How many of you are running four stroke brush/string cutters? I can't afford a 'really' pro one, (555, etc) so I think these are my two best 'bang for the buck' models that will run string, tri blade, and serrated blade. 
What are you guys running?


----------



## Cotharyus (Jun 21, 2012)

All things being equal, in my experience (though I can't claim any with that specific model) you're always better off in the long term buying the Stihl.


----------



## rideit (Jan 22, 2004)

Well, that boils down to the 2 stroke vs. 4 stroke question. The mechanic at our local store basically said, 'all other things being equal, you are always better off buying a 2 stroke'.
His POV was more power for less weight, and easy peasy to repair/rebuild, unlike a 4s.


----------



## Irishbuddha (Feb 25, 2004)

We have 2 Stihl 250 brush cutters and have been very happy with them. Both Stihl and Husqvarna as well as Jonsered are great. If you having a hard time making a decision I'd use what ever brand had the best mechanic in town.


----------



## LarryFahn (Jul 19, 2005)

The Nature Conservancy gave me a Stihl fs89 with the "bicycle handle" on it 6 years ago. It was used. It's a 2 stroke Fwiw. Using a 6" tri-blade cutter, we cut in 12 miles of Singletrack with 2 of them in 2 years. Now we maintain the trails. The trails are Blueberry bushes and scrub oak, so every inch needs to be cut back every other year. In other words, a lot of hard time and high rpm have been had in this Stihl. I've taken down 3-4" scrub oaks that I Rev up to 100%, hit the tree, back off, 100%,hit the tree... Of course I'm letting off the gas as It hits the tree. But after 6 years of 2-10 hour days, 20+ days a year, high rpm, heavy abuse, I can't recommend any thing else. 
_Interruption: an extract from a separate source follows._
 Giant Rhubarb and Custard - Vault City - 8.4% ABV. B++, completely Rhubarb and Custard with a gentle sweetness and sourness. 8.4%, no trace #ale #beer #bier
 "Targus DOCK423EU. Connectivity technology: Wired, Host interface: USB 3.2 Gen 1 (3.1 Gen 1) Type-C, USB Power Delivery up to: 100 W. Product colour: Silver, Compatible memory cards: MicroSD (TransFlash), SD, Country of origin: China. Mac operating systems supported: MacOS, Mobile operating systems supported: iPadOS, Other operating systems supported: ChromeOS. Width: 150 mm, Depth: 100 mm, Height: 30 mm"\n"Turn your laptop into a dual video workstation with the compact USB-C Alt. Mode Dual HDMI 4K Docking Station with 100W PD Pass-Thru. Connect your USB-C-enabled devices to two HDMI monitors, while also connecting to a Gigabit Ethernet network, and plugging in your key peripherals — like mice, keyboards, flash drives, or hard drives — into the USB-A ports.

Stihl doesn't sell their stuff at Lowes or Home Depot either. The place you buy it from will be the same certified place that fixes it... IF it breaks. That being said, a lot of their products are made in Virginia Beach, Virginia USA! 
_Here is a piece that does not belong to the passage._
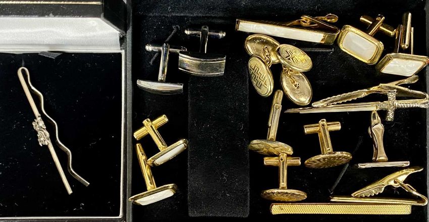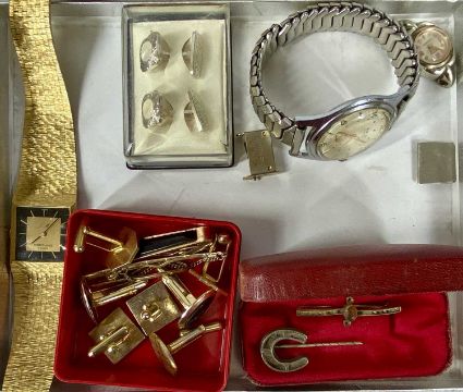 ASSORTED JEWELLERY, WATCHES & COLLECTABLES, including various gilt metal cufflinks and tie bars, Smiths Emperor gold-plated wristwatch, vintage Solo chrome-plated wristwatch, and other itemsProvenance: private collection Gwynedd

I have an Echo backpack leaf blower that I bought from a local dealer, not a big box store, and I love it! Stihl 290 Farm Boss 16&18" bars and love it too. 

Husky is another great company that I feel you can't go wrong with, but in the case that you're looking for a machine similar to the one I've had so much experience with, I have to really push Stihl. You won't have any problems with it. 

Go with the Stihl. Ttyl, Fahn


----------



## rideit (Jan 22, 2004)

I would if Stihl still made a pro grade 2stroke. 
Going Husky, shopping today. 
Thanks, everyone.


----------



## LarryFahn (Jul 19, 2005)

The Stihl 250 is 2 stroke. Oh well. Ps, the 240 isn't in their newest catalog, but the 250 is.


----------



## rideit (Jan 22, 2004)

I checked out the 250, it is 1/2 the machine of the equivalently priced Husky, from what I can tell. 
Costs more base, less hp, no grass blade, doesn't accept 155 line, no saw blade, and comes with a less than chintzy harness. I couldn't see the value....


----------



## rideit (Jan 22, 2004)

Y'all can blame me for he rain, kids! 
Just picked up my 336 Fr 'Weed Whacker Of Doom', and it immediately started snaining....
Hoping it dries up tomorrow, I can't wait to play with this thing on the new trails I am forging at Snow King....


----------